I almost never select the same poet two months in a row, but this month’s poem by Walt Whitman was simply too perfect to pass up.
I’m heading out tomorrow for my annual trip to Portugal’s wine region, where I will spend a week with wine friends touring and tasting through the Douro Valley. This will be my third year visiting there during harvest, and one line from this month’s selection, “The long brown path before me” makes me recalled the rugged beauty of the rocky Portuguese vineyards seemingly far away from the rest of the world. The Douro Valley is a far cry from places like Napa or Walla Walla, mainly because there simply are not a lot of tourists, shopping, spas, or other amenities you’d fine in many other wine regions. Maybe I love it for the fact that such a place of simple ruggedness and beauty produces such amazing Ports and wines from its rocky soils. It’s a magical place, and I am looking forward to arriving there in a matter of hours.
Portugal will be followed by a few days in the UK, visiting friends, catching a show in the West End, attending a monumental Cockburn Port tasting reaching back to the 1890’s, enjoying some museums and…well, since I’ve always been such an Anglophile…just taking in the sheer history of the place.

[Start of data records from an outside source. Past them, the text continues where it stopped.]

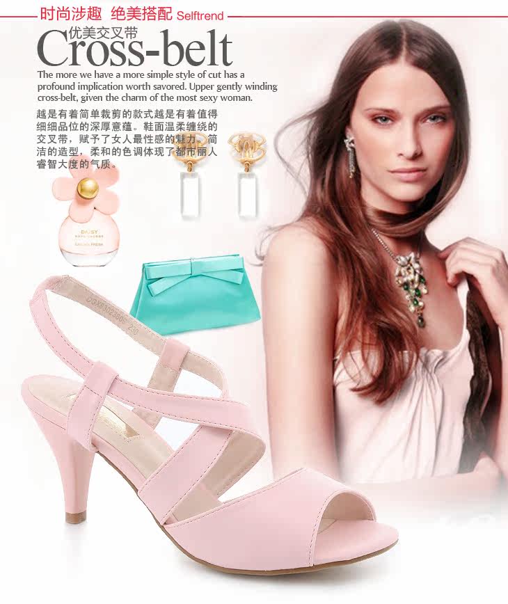 2012女式鞋新品 簡約OL氣質(zhì)高跟鞋交叉編帶中高跟涼鞋子 促銷特價(jià)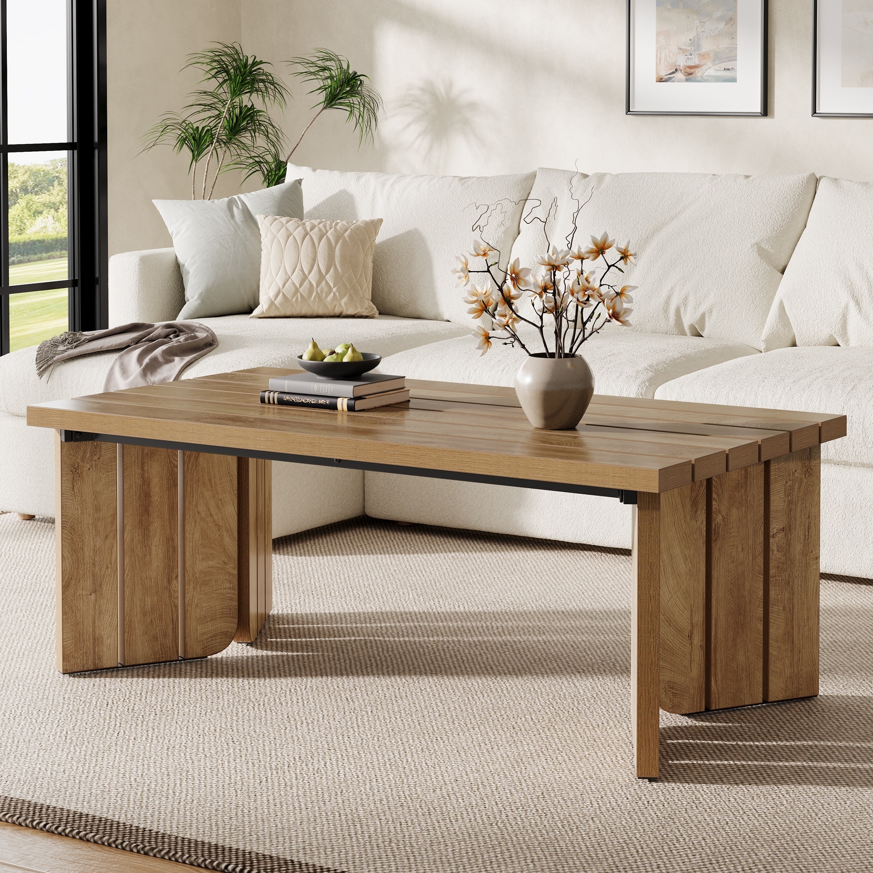 47" Rectangular Wooden Center Coffee Table for Living Room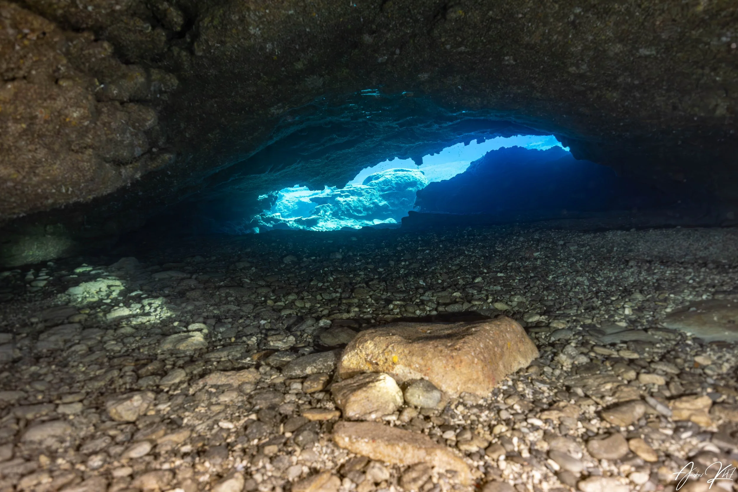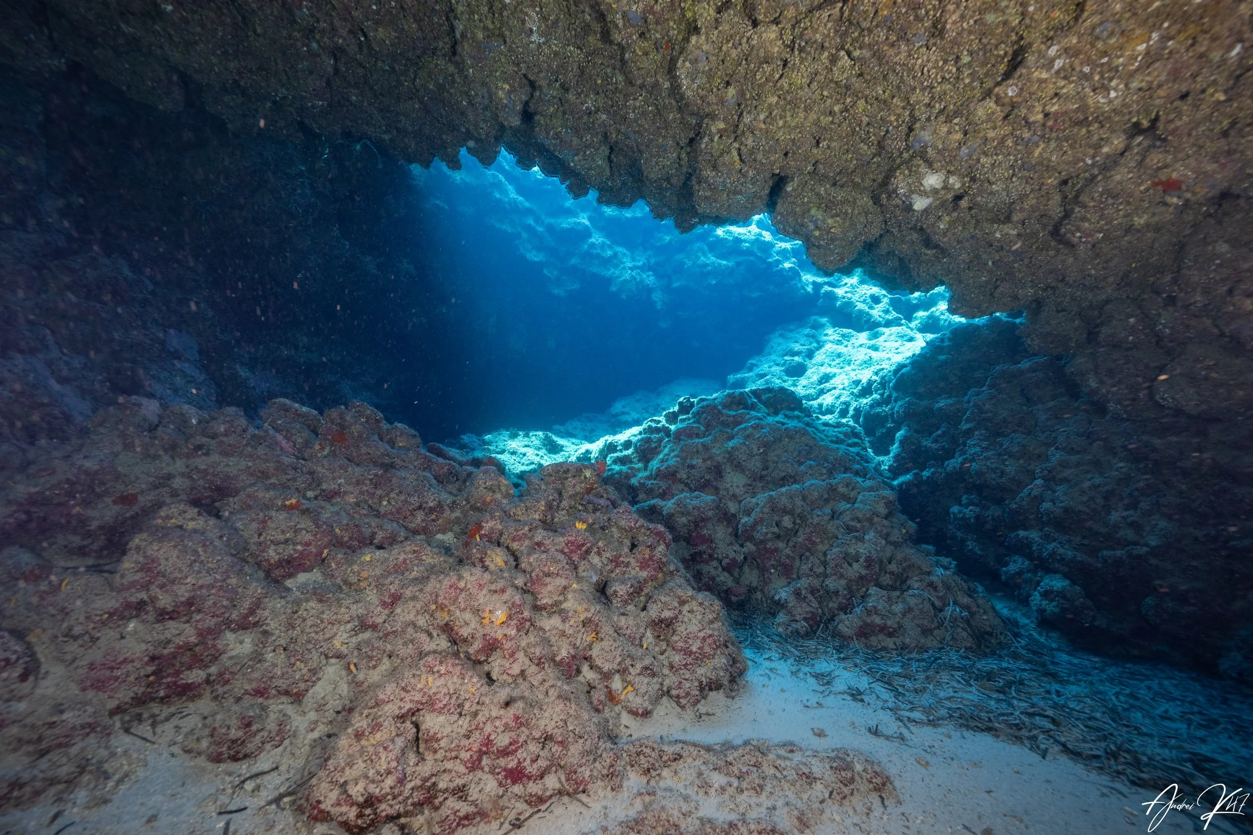 This site may not compare to Mexico’s cenotes, but it offers a surprising amount of exploration for a shallow dive. With a maximum depth of around 12 meters, you can weave through small caves, overhangs, and natural swim‑throughs carved into the coastline. Inside the sheltered spaces, lionfish and sweepers gather in the shadows, creating great opportunities for observation. Seahorses are occasionally spotted along the sandy patches and rocky edges, making them a highlight for many divers.

I hope you are all doing well, and I leave you with a selection from Walt Whitman’s Songs of the Open Road…
Walt Whitman
(1819 – 1892)
From Song of The Open Road
Afoot and light-hearted I take to the open road,
Healthy, free, the world before me,
The long brown path before me leading me wherever I choose.
Henceforth I ask not good-fortune, I myself am good-fortune.
Henceforth I whimper no more, postpone no more, need nothing,
Done with indoor complaints, libraries, querulous criticisms,
Strong and content I travel the open road.